In the America’s Cup in 1983, Dennis Conner committed a fatal blunder, based on his failure to use a “follow the leader” strategy, leading to the first loss by America in that event. Essentially, the basic strategy in sailboat racing when you are the leader is to follow whatever the trailing boat does. In this way the trailing boat can never gain on you; if he has the wind you will also, if he doesn’t well neither will you, but he still cannot gain. This is a dominant strategy in game theory parlance. In that event, Conner had a 3-1 lead and in what should have been the final race, he kept his boat to the right of the course. The opposing captain, hoping to get lucky by gambling on a wind shift, sailed to the left. The rest is history.
I always thought this was a fascinating story and a good lesson to any strategist. When you have a dominant strategy or a simple strategy that will work, then you are making a blunder in failing to use it. If you have a dominant strategy you never lose by using it if you are in the lead; gambling can only make your situation worse. This is true at least when there are two competitors; when there are three it is much dicier.
What does this mean to the Fantasy General? In my high stakes league, I have a relatively large lead. The only close competitor, right now at least, made a huge trade proposal: he would trade Chase Utley, John Broxton, Jacque Jones, Brandon Inge and Evan Longoria and would get Michael Cuddyer, Kevin Youkilis, Trot Nixon, Eric Byrnes, Marcus Giles and Brad Hennessey.
I had two options; option A is to sit tight, make a smaller deal for an NL closer (I just lost Salomon Torres and needed the saves) and hope for the best. My current point total was 285 and his was 240. This was a fairly large lead, the usually winning margin in this type of league is between 10-20 points. So there was the possibility, a la Dennis Conner, that I could not respond, sit back and hope that a small move would let me hold on to the lead.
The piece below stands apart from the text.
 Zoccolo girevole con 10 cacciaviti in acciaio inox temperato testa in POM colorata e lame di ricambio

Option B is to aggressively try to knock this deal off the clock. I can not only perhaps make a deal that improves my position, but can also achieve the double whammy of preventing my close competitor from making a deal that would give him at least a fighting chance to catch up, which he may have anyway if my team falls back to the pack.
Looking at it in terms of points, it appeared clear to me that option B was my preferred strategy. The deal clearly, in my estimation, would put him in at least the 260 point range. I will spare you the details of my calculations. While I have 285 points now, with the loss of Torres, a failure to bounce back by my young hitters (see below in my post on the Arizona players) and a fall back in my AL offense, it was clear that option A, though it would preserve future value since I had to trade some very keepable players, could very well be very costly. I thought that if I lose to him so be it, but it will not be because of a Dennis Conner type error!
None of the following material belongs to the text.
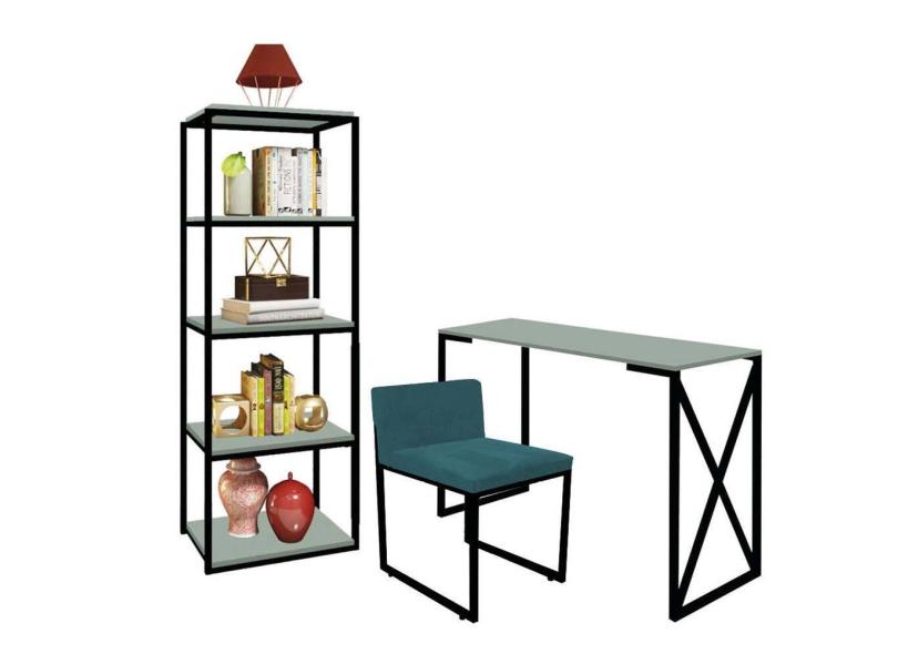 Kit Escritório Bex 1 Cadeira Suede Azul Turquesa com 1 Mesa e 1 Livreiro Ferro Preto MDF Verde Oliva - Ahazzo Móveis

So I ended up trading BJ Upton, at a very keepable $10 salary. In this league, you can contract a players for long term deals after two years by increasing his salary by $5 for each year. So, most likely, I am giving up three years more of profit on Upton. The entire deal:
BJ Upton, Nick Punto, Zack Greinke (at a $1 salary) and Taylor Tankersley at $5; for
Brad Lidge, Brad Hennessey, Craig Hansen (at $2) and Michael Cuddyer.
Why this deal?? I am selling high on Upton; if he falls off as his xBA indicates he should, and Cuddyer continues his current performance, then aside from steals (of which I have a lot anyway) I might even gain offensive points, but at a minimum I hope to not lose too badly. With Lidge and Hennessey, I felt that if I were going to make a “make or break” trade then I had to get two iffy closers if I could not get one excellent one.
This was a clear attempt to minimize the risk; both have the skills to keep a closer’s job, and if they both pan out I can dump one and can keep Hennessey next year (Lidge is not keepable), thereby at least lessening the future damage. At a minimum I would expect at least one of them to hold the job for the rest of the year.